Se Harriet era ansiosa di partire per Londra, Constance (con l'approvazione della madre) aveva deciso che Lymington non era più così noiosa dal ritorno dei Wilson.
La minore dei Pelham aveva alzato gli occhi al cielo alla risposta della sorella, ma considerato il pessimo rapporto che avevano le due, fu comunque contenta di non dover condividere il viaggio con lei.
A metà della settimana Harriet aveva riempito due valigie con due tenute da amazzone, tre abiti da passeggiata, due da sera, qualche lettura e un libretto da disegno. La madre aveva insistito per farle portare un baule che fosse ben rifornito di guanti, gioielli, cappellini, scarpette in tessuto e piume colorate.
"Ricorda che stai andando a Londra, da un Conte per giunta. Devi fare buona impressione".
Harriet non se la sentì di rifiutarle questo, si arrese ai capricci della madre senza darci particolare peso.

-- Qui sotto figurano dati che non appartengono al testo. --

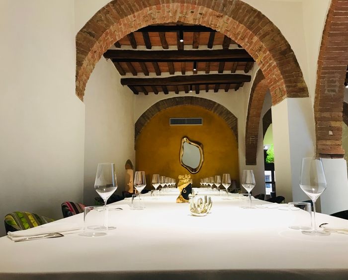 Linfa Restaurant is considered one of the most luxurious restaurants in San Gimignano. The restaurant draws attention with its elegant modern interiors and distinctive decorations. The way the dish is presented and decorated is one of the most attractive things in the restaurant as well, as the chef pays great attention to the appearance of the outer dish in terms of quantity and consistency of colors within the same dish. The menu includes many distinctive options, especially for the restaurant, which are worth trying, including many varieties of pasta, as well as some seafood dishes, smoked meat slices, and others.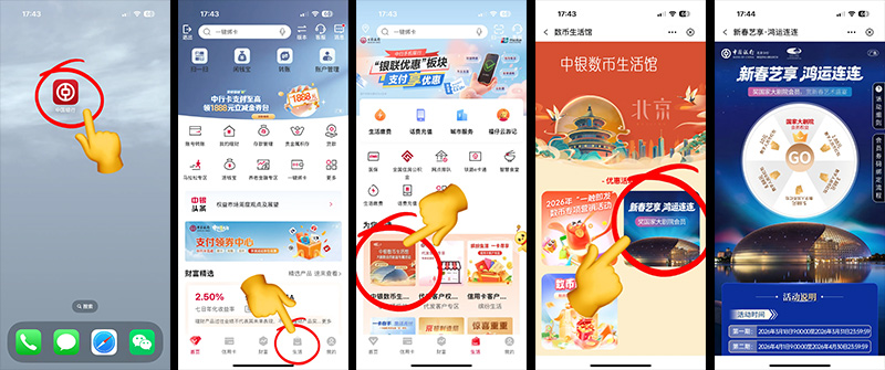 ??持有中行數(shù)字人民幣二類及以上錢包的北京地區(qū)中行手機(jī)銀行客戶,登錄手機(jī)銀行,進(jìn)入活動(dòng)頁(yè)面即可參與!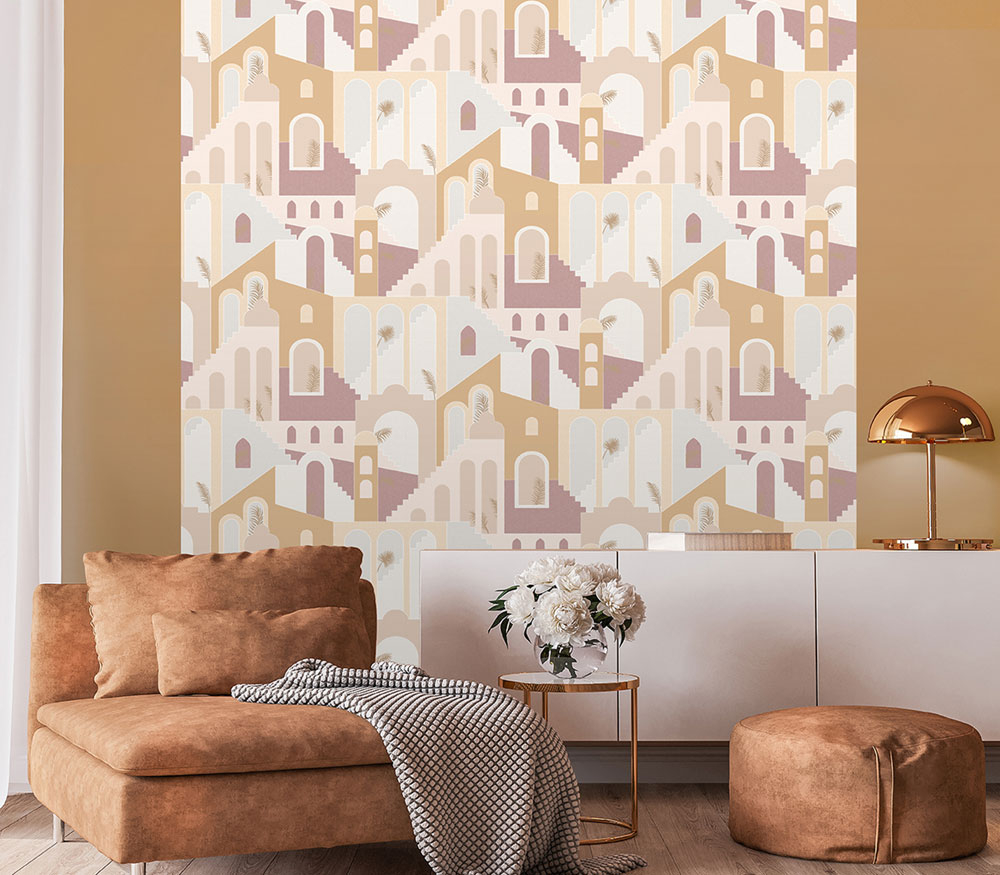 Vliesová grafická tapeta na zeď, motiv středomořského města.

I Manson arrivarono verso mezzogiorno, dando tempo al cocchiere di caricare le valigie della piccola Pelham.
Signora e signor Manson sembravano entusiasti della presenza di Harriet e dispiaciuti per l'assenza di Constance, rassicurarono più e più volte il signor Pelham promettendo di avere massima cura della figlia.
La carrozza dei Manson partì poco dopo: i ventagli si muovevano all'unisono al suo interno, il caldo rendeva difficile respirare e Harriet si sentì mancare le forze. Lei e Charlotte finirono presto di parlare e si addormentarono.
Si fermarono a Weybridge per sgranchirsi le gambe e bere una limonata fresca, Harriet ebbe il tempo di rallentare il corsetto e passare un panno umido sulle braccia sudate.
Ormai mancavano poche ore a Londra, i Manson si affrettarono a ripartire, speranzosi di arrivare a destinazione prima del calar del sole.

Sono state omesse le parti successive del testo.